Top of TASK MATERIAL

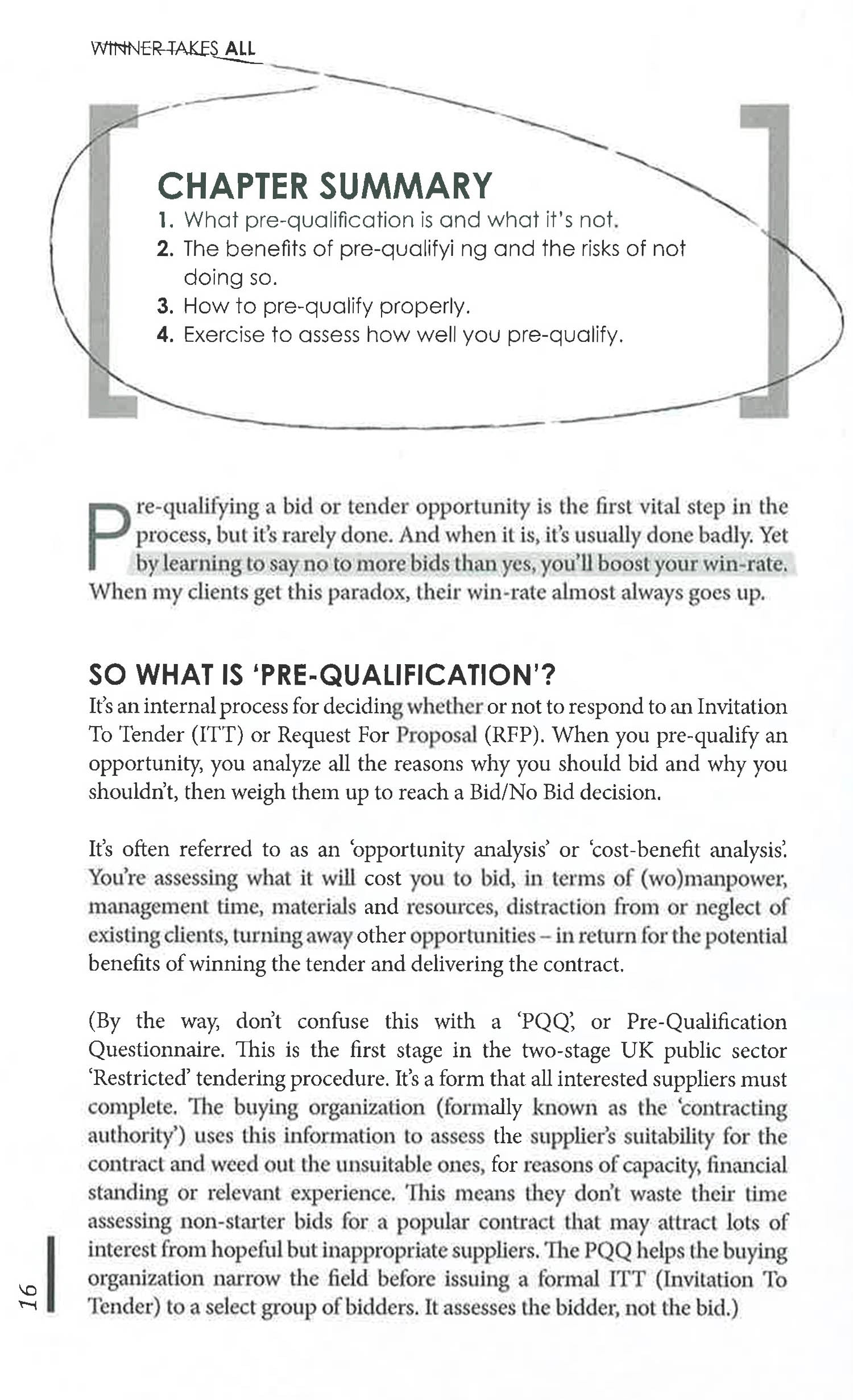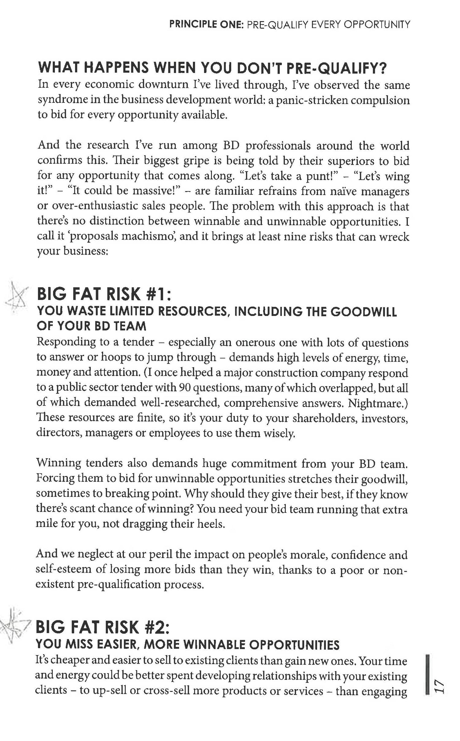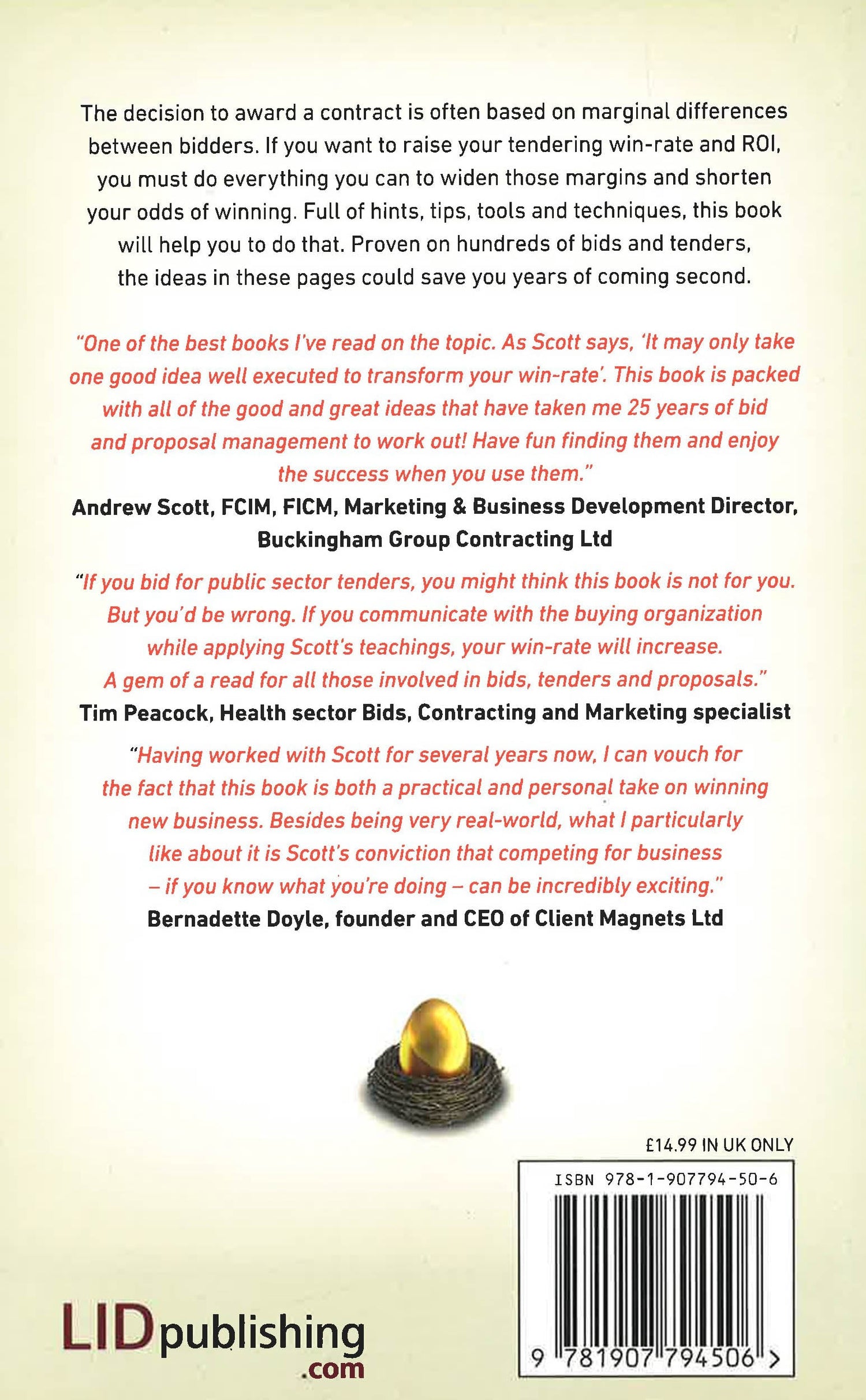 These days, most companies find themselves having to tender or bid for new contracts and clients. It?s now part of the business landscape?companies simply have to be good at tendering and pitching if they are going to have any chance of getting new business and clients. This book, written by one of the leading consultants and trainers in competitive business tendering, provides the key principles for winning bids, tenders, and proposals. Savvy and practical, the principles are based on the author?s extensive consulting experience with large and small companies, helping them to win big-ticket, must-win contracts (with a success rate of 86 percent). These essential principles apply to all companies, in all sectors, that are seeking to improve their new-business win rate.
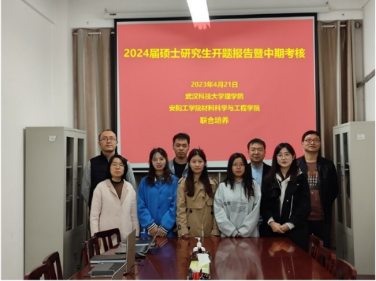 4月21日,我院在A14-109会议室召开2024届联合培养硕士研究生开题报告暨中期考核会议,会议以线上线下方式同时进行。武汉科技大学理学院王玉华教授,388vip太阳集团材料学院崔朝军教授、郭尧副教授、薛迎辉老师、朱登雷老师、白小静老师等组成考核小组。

Bottom of TASK MATERIAL
Top of TASK MATERIAL

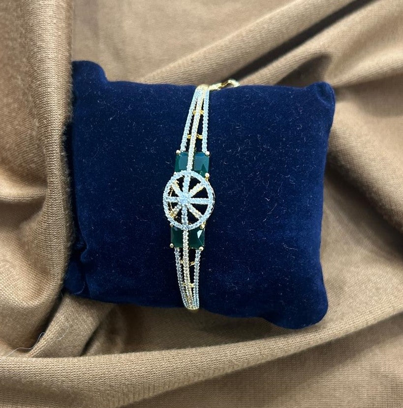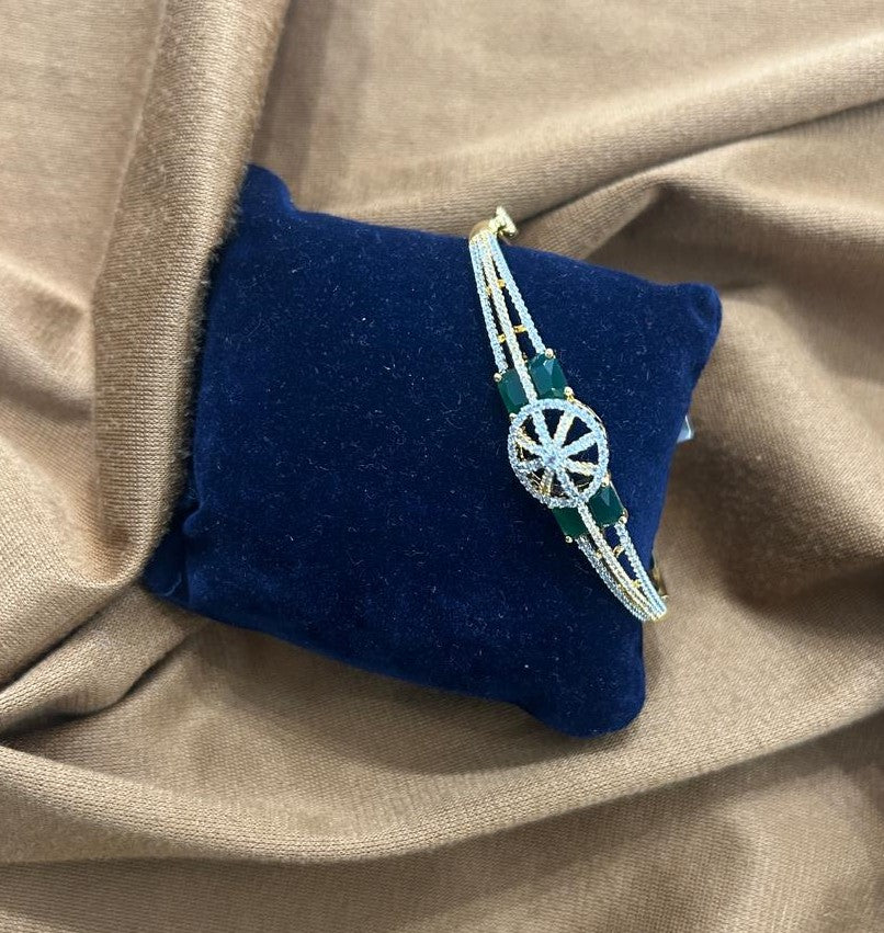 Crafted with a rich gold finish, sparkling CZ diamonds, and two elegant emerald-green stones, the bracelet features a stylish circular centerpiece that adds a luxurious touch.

Bottom of TASK MATERIAL

WORK ORDER
In the entries above, every line from the line with "These days, most" to the line with "4月21日,我院在A14-1" is to be printed exactly, with both ends included and pictures excluded.

ANSWER FOR THIS EXERCISE
 These days, most companies find themselves having to tender or bid for new contracts and clients. It?s now part of the business landscape?companies simply have to be good at tendering and pitching if they are going to have any chance of getting new business and clients. This book, written by one of the leading consultants and trainers in competitive business tendering, provides the key principles for winning bids, tenders, and proposals. Savvy and practical, the principles are based on the author?s extensive consulting experience with large and small companies, helping them to win big-ticket, must-win contracts (with a success rate of 86 percent). These essential principles apply to all companies, in all sectors, that are seeking to improve their new-business win rate.
 4月21日,我院在A14-109会议室召开2024届联合培养硕士研究生开题报告暨中期考核会议,会议以线上线下方式同时进行。武汉科技大学理学院王玉华教授,388vip太阳集团材料学院崔朝军教授、郭尧副教授、薛迎辉老师、朱登雷老师、白小静老师等组成考核小组。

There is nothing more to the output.